The market is way too complacent still because the Fed is not done yet. Data released on Friday showed that inflation is far from tamed. The personal consumption expenditures price index jumped 6.8% in June, whilst the core reading accelerated to 4.8%.  This data only underscores the need for the Fed to keep on. “I’m convinced we’re going to have to do more in terms of interest rate increases,” Atlanta Fed President Raphael Bostic said ahead of the data. Meanwhile markets repriced the chances of another 75bps hike in September to one-in-three from one-in-four.  

 

The Fed hiked last week by 75bps but chair Powell pointed to slowing spending and hinted at cuts some time in the future. The market is desperate for the Fed to pivot but it’s happening yet. More pain to come, albeit the University of Michigan one-year-ahead consumer inflation expectations did ease back to 5.2% from 5.3%…hardly a big improvement when the absolute level remains so elevated and actual inflation remains higher. 

 

The Fed’s Kashkari, an arch dove, said: “Whether we are technically in a recession or not doesn’t change my analysis … we definitely want to see some slowing … We’re going to do everything we can to avoid a recession, but we are committed to bringing inflation down, and we are going to do what we need to do.” 

 

The Bank of England this week is likely to raise rates by 50bps as it plays catch-up with other central banks. The BoE started early by it has been far too incremental in its approach to policy adjustment, creating a credibility gap. Meanwhile soaring gas prices mean inflation is set to get worse. Sharp hikes by the Fed and ECB in July make it all the more likely that it will pull the trigger on an outsize rate hike, as much to restore credibility – a very important commodity – as anything else.  

 

Stocks started the month on a fairly steady note on Monday morning with some limited gains for the main bourses across Europe and a slightly weaker open for US futures after a strong week to end July.
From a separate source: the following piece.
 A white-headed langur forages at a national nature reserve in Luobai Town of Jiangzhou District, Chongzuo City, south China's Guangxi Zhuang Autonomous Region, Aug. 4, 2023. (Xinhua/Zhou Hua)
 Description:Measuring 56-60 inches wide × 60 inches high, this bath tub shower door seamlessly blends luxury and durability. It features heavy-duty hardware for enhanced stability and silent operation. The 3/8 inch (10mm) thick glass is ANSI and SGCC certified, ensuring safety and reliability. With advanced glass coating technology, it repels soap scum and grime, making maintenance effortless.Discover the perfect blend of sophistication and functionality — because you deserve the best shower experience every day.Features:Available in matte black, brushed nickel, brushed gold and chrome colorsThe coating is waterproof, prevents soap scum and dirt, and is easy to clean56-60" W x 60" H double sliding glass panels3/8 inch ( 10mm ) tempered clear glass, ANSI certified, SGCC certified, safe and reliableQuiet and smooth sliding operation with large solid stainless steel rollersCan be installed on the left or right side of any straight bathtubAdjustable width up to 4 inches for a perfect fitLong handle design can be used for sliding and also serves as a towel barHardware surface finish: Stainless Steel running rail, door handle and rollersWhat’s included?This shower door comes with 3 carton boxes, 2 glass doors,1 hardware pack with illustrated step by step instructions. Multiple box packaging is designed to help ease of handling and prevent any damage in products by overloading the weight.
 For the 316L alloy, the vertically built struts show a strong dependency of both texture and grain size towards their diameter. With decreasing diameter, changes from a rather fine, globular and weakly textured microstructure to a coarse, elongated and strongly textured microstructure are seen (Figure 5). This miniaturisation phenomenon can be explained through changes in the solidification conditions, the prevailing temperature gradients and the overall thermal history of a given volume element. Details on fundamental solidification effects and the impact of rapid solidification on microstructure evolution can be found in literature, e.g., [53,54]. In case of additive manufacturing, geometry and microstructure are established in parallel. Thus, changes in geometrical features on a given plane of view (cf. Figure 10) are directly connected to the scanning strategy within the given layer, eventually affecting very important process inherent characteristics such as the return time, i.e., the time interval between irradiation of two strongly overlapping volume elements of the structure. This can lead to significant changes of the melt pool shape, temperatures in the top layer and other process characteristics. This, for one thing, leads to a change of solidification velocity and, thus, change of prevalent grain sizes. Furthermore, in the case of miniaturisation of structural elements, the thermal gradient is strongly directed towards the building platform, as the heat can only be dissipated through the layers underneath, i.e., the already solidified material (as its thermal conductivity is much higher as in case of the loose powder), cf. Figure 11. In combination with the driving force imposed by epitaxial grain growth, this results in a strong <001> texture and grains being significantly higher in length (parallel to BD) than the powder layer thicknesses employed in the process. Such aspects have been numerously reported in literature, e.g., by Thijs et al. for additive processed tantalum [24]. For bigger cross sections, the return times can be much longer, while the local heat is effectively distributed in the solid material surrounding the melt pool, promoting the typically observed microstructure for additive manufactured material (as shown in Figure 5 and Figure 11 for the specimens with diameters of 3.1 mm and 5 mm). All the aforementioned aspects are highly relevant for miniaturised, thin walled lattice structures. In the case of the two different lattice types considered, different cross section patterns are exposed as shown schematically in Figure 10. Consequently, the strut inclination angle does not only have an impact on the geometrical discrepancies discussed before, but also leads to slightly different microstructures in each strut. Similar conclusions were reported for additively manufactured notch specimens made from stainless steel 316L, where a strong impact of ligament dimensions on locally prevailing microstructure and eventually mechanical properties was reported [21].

The dollar remains on the back foot, helping risk sentiment. Gold trades higher but is facing stiff resistance around the $1,766 area. Oil was a bit weaker but within the recent range as manufacturing surveys disappointed.

 

Data continues to underwhelm: China’s Caixin manufacturing PMI disappointed at 50.4 vs 51.5 expected. Japan’s factory activity declined to a 10-month low, whilst South Korea’s contracted for the first time in almost two years. Italy’s manufacturing PMI fell into contraction territory at 48.5, whilst German retail sales declined 8.8% in June from a year before.

 

Solid earnings from HSBC added 25pts to the FTSE 100 as shares in the lender rose over 6% in early trading. Reporting $5bn in profits for the second quarter, well ahead of expectations, the bank pledged to restore the dividend to pre-corona levels. Reported profit before tax for the first half decreased by $1.7bn to $9.2bn as it booked a $1.1bn impairment on credit losses due to the economic outlook and inflation. But expenses were down 4% and net interest income is higher, reflecting the rising rate environment.  

 

Meanwhile, despite some concerns about the economic outlook, management said they would target a return on tangible equity of at least 12% from 2023 onwards. Powering up the dividend is a clear pushback against calls by Ping An to break up the business, whilst the RoTE target is a bullish call that should help assuage investors’ concerns. 

 

There was also a 6% pop for Pearson shares as it reported a 22% rise in adjusted operating profit. Management also said at least £100m of further efficiencies have been identified, which will be delivered in 2023. This in turn means the company expects to hit its margin improvement target next year, two years earlier than planned.